Dog Pictures and Statements Made by Informants During the Familiarization Period of Studies 1 and 2
image

Second explicit judgment trial. After familiarization, the children were shown still images of the two informants and asked the explicit judgment question a second time, “Who knows more about dogs?” Again, children received no explicit feedback from the experimenter on their responses.

Test trials. In the test phase, children were shown four video clips in which the two informants made conflicting claims about four new dogs or artifacts, depending on condition. Prior to each clip being shown, the experimenter presented children with a picture of a new dog or artifact (depending on condition) and asked them to indicate which informant they would like to ask about it (hereafter, “ask” trials): “Do you know what kind of dog this is/what this is called? I bet one of these people can help. Which person would you like to ask?” (Children who claimed to know the name of an object or dog breed were told, “Actually, I don’t think that’s what it’s called” before the experimenter asked them whom they’d like to ask.) Both verbal (e.g., “Kate,”“girl in the pink shirt”) and nonverbal (i.e., pointing) responses were recorded.

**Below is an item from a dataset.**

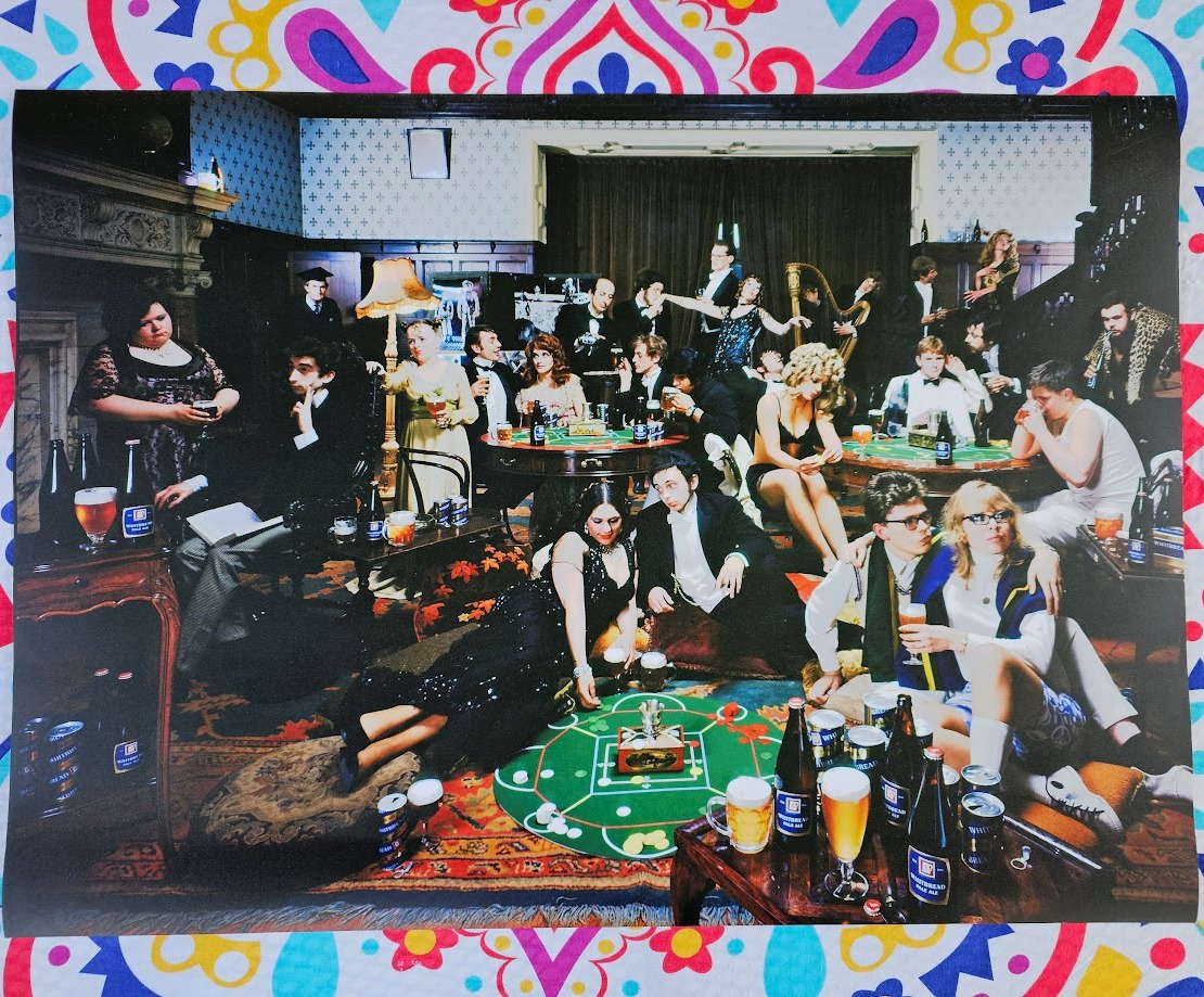 Publicité des années 70 mettant en scène un groupe de comédiens faisant semblant de passer un excellent moment en buvant de la bière Whitbread.

After each ask trial, the experimenter started the videoclip corresponding to the novel dog or artifact the child had just been shown. In each clip, a previously unseen female actor presented one informant with the picture, and asked, “Can you tell me what this is called?” The first informant responded by saying, for example, “That’s a blicket dog” in the dog condition, or “That’s a blicket” in the artifact condition. The same question was then posed to the second informant who responded by saying, for example, “That’s a jeter [dog].” Whether the novice or expert was asked to name an item first alternated across the four clips.

After the two informants had labeled a picture, the experimenter paused the video, repeated the informants’ labels, and asked children to endorse one of the two labels (hereafter, “endorse” trials). For example, “She said it’s a blicket [dog] and she said it’s a jeter [dog]. What do you think it’s called, a blicket [dog] or a jeter [dog]?”Table 2 shows a list of the test stimuli in both conditions as well as the actors’ conflicting comments about each item.

Table 2.
Test Stimuli for Both Dog and Artifact Conditions of Studies 1 and 2
image

The entire session lasted approximately 10 min and was videotaped. Children received a point for indicating the expert for every explicit judgment and ask and endorse question.

Results

Preliminary analyses showed no differences between boys and girls, or between 3- and 4-year-olds, so we collapsed across these two variables.

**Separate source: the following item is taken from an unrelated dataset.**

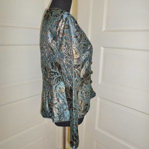 Victor Costa by Nahdree Evining Jacket Blue Brocade w/ Rhinestone Buttons

Explicit Judgment Questions

Most children in both the dog and artifact conditions correctly identified the dog expert on the explicit judgment questions. After hearing the experimenter explain which of the two actors knew more about dogs, at least 14 of 16 children in each condition responded correctly when she asked them to identify the expert (EJ1). Subsequently, after observing for themselves one actor use breed names to label the dogs and the second actor describe perceptually obvious characteristics of the dogs, at least 13 of 16 children in each condition correctly identified the expert (EJ2). Most importantly for our purposes, 14 of 16 children in the artifact condition responded correctly to both explicit judgment questions, and 12 of 16 in the dog condition did so, in each case more than would be expected by chance of .25, binomial ps < .0001.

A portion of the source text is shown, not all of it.